Under the new rule, officers would consider the totality of the circumstances, weighing the positive and negative factors listed above, when determining whether an alien is likely to become a public charge. In announcing the new rule, Acting Director Cuccinelli stated, “[F]or over a century, the public charge ground of inadmissibility has been part of our nation’s immigration laws…Throughout our history, self-sufficiency has been a core tenet of the American dream.”

While Acting Director Cuccinelli is correct that a public charge ground has been on the books for over a century, he fails to mention that from 1776 to 1882 immigration to the United States was unrestricted at the federal level. More critically, he fails to recall the controversy of this clause from its inception. Now, as it was a century ago, the majority of Americans do not support highly restrictive immigration. President Wilson, citing America’s reputation as a land of opportunity and refuge, twice vetoed the bill that laid the foundation for the modern public charge rule. Congress had to override Wilson’s second veto for it to become law.

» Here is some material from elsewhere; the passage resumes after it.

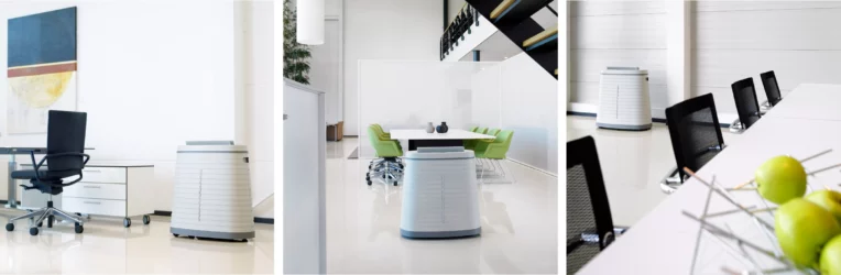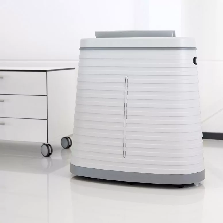 Wentylator można ustawić w trzech pozycjach, tak aby urządzenie było ledwo słyszalne w najniższej pozycji i wytwarzało silny strumień powietrza dla szybkiej i wydajnej pracy w najwyższej pozycji. Nawet w cichym położeniu urządzenie odparowuje dużą ilość wilgoci. Żądaną wilgotność można regulować w pięciu krokach oraz w trybie pracy ciągłej, w którym urządzenie działa zawsze, niezależnie od poziomu wilgotności. W sytuacjach, gdy wilgotność musi być kontrolowana z dokładnością do procenta, urządzenie może być również eksploatowane w pozycji “zdalnej” z (opcjonalnym) higrostatem.

It is no coincidence that the Trump administration and the nativist lawmakers of the early 20th century rely on this clause to target specific populations. The clause is inherently prejudiced. It requires the consular or immigration officer to prejudge the likelihood of a future event using a definition created by those seeking to exclude specific groups. The reason the Trump administration needs a new rule to strengthen enforcement of this clause is because over time legal challenges have limited the discretion available to consular and immigration officers, weakening enforcement. 

The administration, seeking to further restrict legal immigration, relies on the model created by nativist lawmakers at the turn of the 20th century. The 1882 Immigration Act, authorized the inspection of migrants before ships could land in order to deny entry to “any convict, lunatic, idiot or any such person unable to take care of him or herself without becoming a public charge.” For the first time, government officials would inspect immigrants to ensure they would not pose a long-term danger or burden to the United States. The initial version of the public charge rule was a response to the increasing political power of Irish immigrants, whom nativist politicians believed were changing American demographics for the worse. 

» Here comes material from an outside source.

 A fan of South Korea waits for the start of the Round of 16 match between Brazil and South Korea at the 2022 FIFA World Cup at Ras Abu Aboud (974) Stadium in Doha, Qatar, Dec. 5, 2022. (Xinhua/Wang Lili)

In the aftermath of the First World War, restrictions tightened in an effort to prevent an influx of “undesirable Europeans”, specifically the Armenians, Jews, Persians and Russians displaced by war. The 1917 Immigration Act, restricted immigration for the first time by banning most immigration from a designated geographic zone and by creating categories of inadmissibility– illiteracy, mental deficiency, physical deficiency, poverty, and certain political beliefs. The geographic restriction was explicitly designed to exclude Asians while the categories of inadmissibility targeted undesirable European populations. The following year a controversial Emergency War Measures Act mandated passports and visas for the first time in American history. This temporary war measure was made permanent with the 1924 law commonly referred to as the Quota Act, which made the likelihood to become a public charge a ground of inadmissibility. 

The public charge clause is a very effective means of restricting targeted populations. In September 1930, President Hoover issued an order to American Consular Officers to stringently enforce the public charge clause and the impact was felt immediately. Public records show that in the two months after the order, the State Department only issued 22% and 15% of the immigration quota visas. In January 2018, the Trump administration revived this strategy by updating the Foreign Affairs Manual to widen the range of public benefits that consular officers can consider when determining whether visa applicants can be denied on the public charge ground.  

Politico reports preliminary data showing that 12,179 visa applicants were rejected on this ground in the first half of 2019. Comparatively, in the last fiscal year of Obama’s presidency, only 1,033 visa applications were denied on this ground. The Migration Policy Institute, analyzed US Census Bureau data and found that 69% of those admitted to legal permanent residence in the last five years had at least one negative factor. Unsurprisingly, given the administration’s rhetoric, immigrants from Mexico and Central America appear most vulnerable to these denials because 60%  had two or more negative factors and only 23% had the heavily weighted positive factor of median income of at least 250% of the Federal Poverty Level. 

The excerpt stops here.